Yim Myeong Suk, Kim Yun Heung, Bark Hyeon Sang, Oh Seung Jae, Maeng Inhee, Shim Jin-Kyoung, Chang Jong Hee, Kang Seok-Gu, Yoo Byeong Cheol, Kwon Jae Gwang, Byun Jungsup, Yeo Woon-Ha, Jung Seung-Hwan, Ryu Han-Cheol, Kim Se Hoon, Choi Hyun Ju, Ji Young Bin
Gimhae Biomedical Center, Gimhae Biomedical Industry Promotion Agency (GBIA), Gimhae, 05969, Republic of Korea.
DX Business Division, Deepnoid.Inc, Seoul, 08376, Republic of Korea.
Heliyon. 2024 Nov 15;10(22):e40452. doi: 10.1016/j.heliyon.2024.e40452. eCollection 2024 Nov 30.
We used deep learning methods to develop an AI model capable of autonomously delineating cancerous regions in digital pathology images (H&E-stained images). By using a transgenic brain tumor model derived from the TS13-64 brain tumor cell line, we digitized a total of 187 H&E-stained images and annotated the cancerous regions in these images to compile a dataset. A deep learning approach was executed through DEEP:PHI, which abstracts Python coding complexities, thereby simplifying the execution of AI training protocols for users. By employing the Image Crop with Mask technique and patch generation method, we not only maintained an appropriate data class balance but also overcame the challenge of limited computing resources. This approach enabled us to successfully develop an AI training model that autonomously segments cancerous areas. This AI model enables the provision of guiding images for determining cancerous areas with minimal assistance from neuropathologists. In addition, the high-quality, large dataset curated for training using the proposed approach contributes to the development of novel terahertz imaging-based AI cancer diagnosis technologies and accelerates technological advancements.

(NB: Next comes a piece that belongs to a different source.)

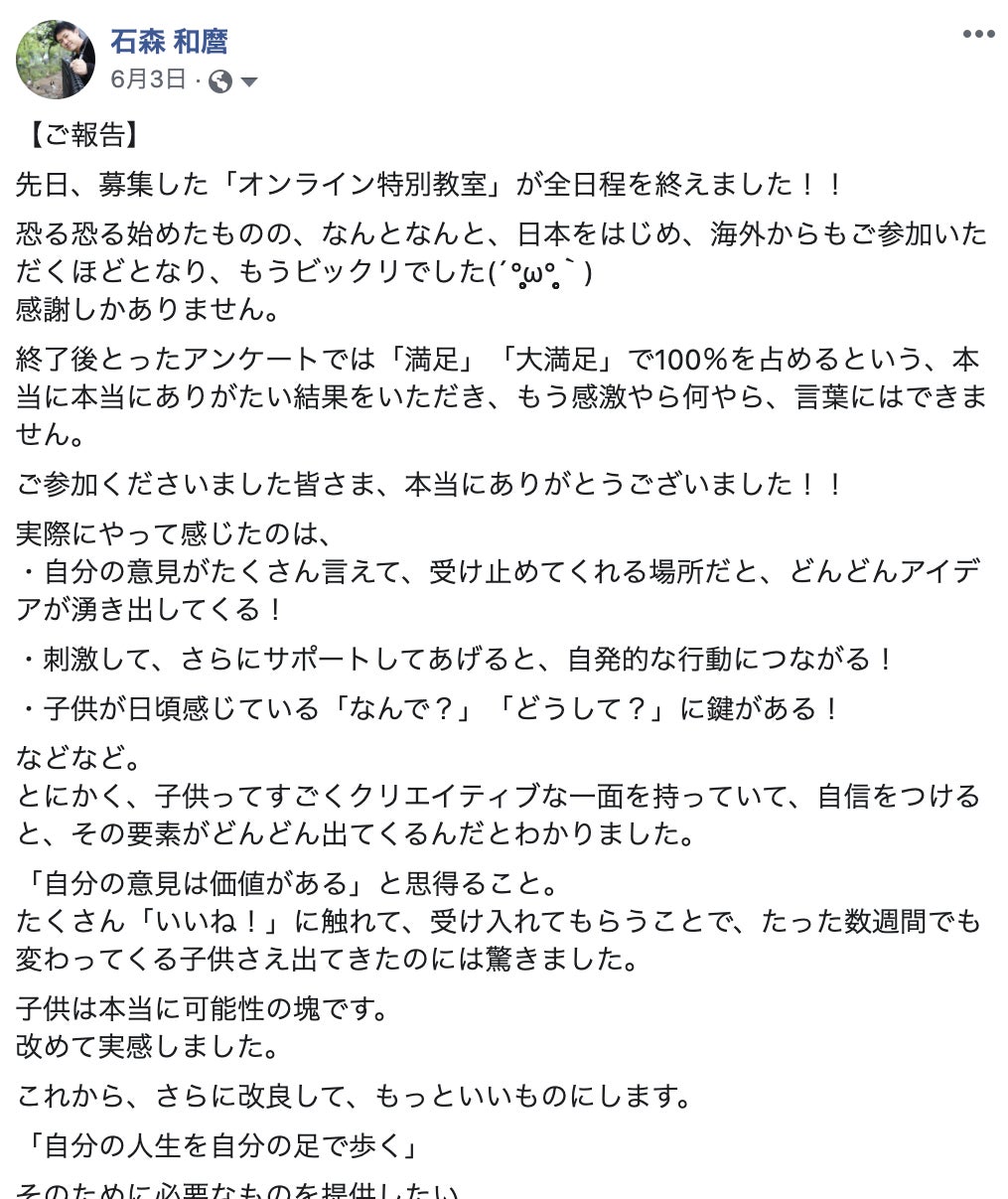 子どもたちを笑顔にするオンライン教室「アリストテレスの窓」を主宰しています。
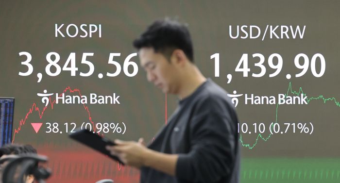 23일 서울 중구 하나은행 딜링룸 현황판에 온라인 슬롯피 종가와 원·달러 환율이 표시돼있다. ⓒ연합뉴스

我们使用深度学习方法开发了一个人工智能模型,该模型能够在数字病理学图像(苏木精-伊红染色图像)中自动勾勒出癌区。通过使用源自TS13-64脑肿瘤细胞系的转基因脑肿瘤模型,我们总共将187张苏木精-伊红染色图像数字化,并对这些图像中的癌区进行注释以编制一个数据集。通过DEEP:PHI执行深度学习方法,该方法抽象出Python编码复杂性,从而为用户简化人工智能训练协议的执行。通过采用带掩码的图像裁剪技术和补丁生成方法,我们不仅保持了适当的数据类平衡,还克服了计算资源有限的挑战。这种方法使我们能够成功开发一个自动分割癌区的人工智能训练模型。这个人工智能模型能够在神经病理学家的最少协助下提供用于确定癌区的引导图像。此外,使用所提出的方法精心策划的高质量、大数据集有助于基于太赫兹成像的新型人工智能癌症诊断技术的开发,并加速技术进步。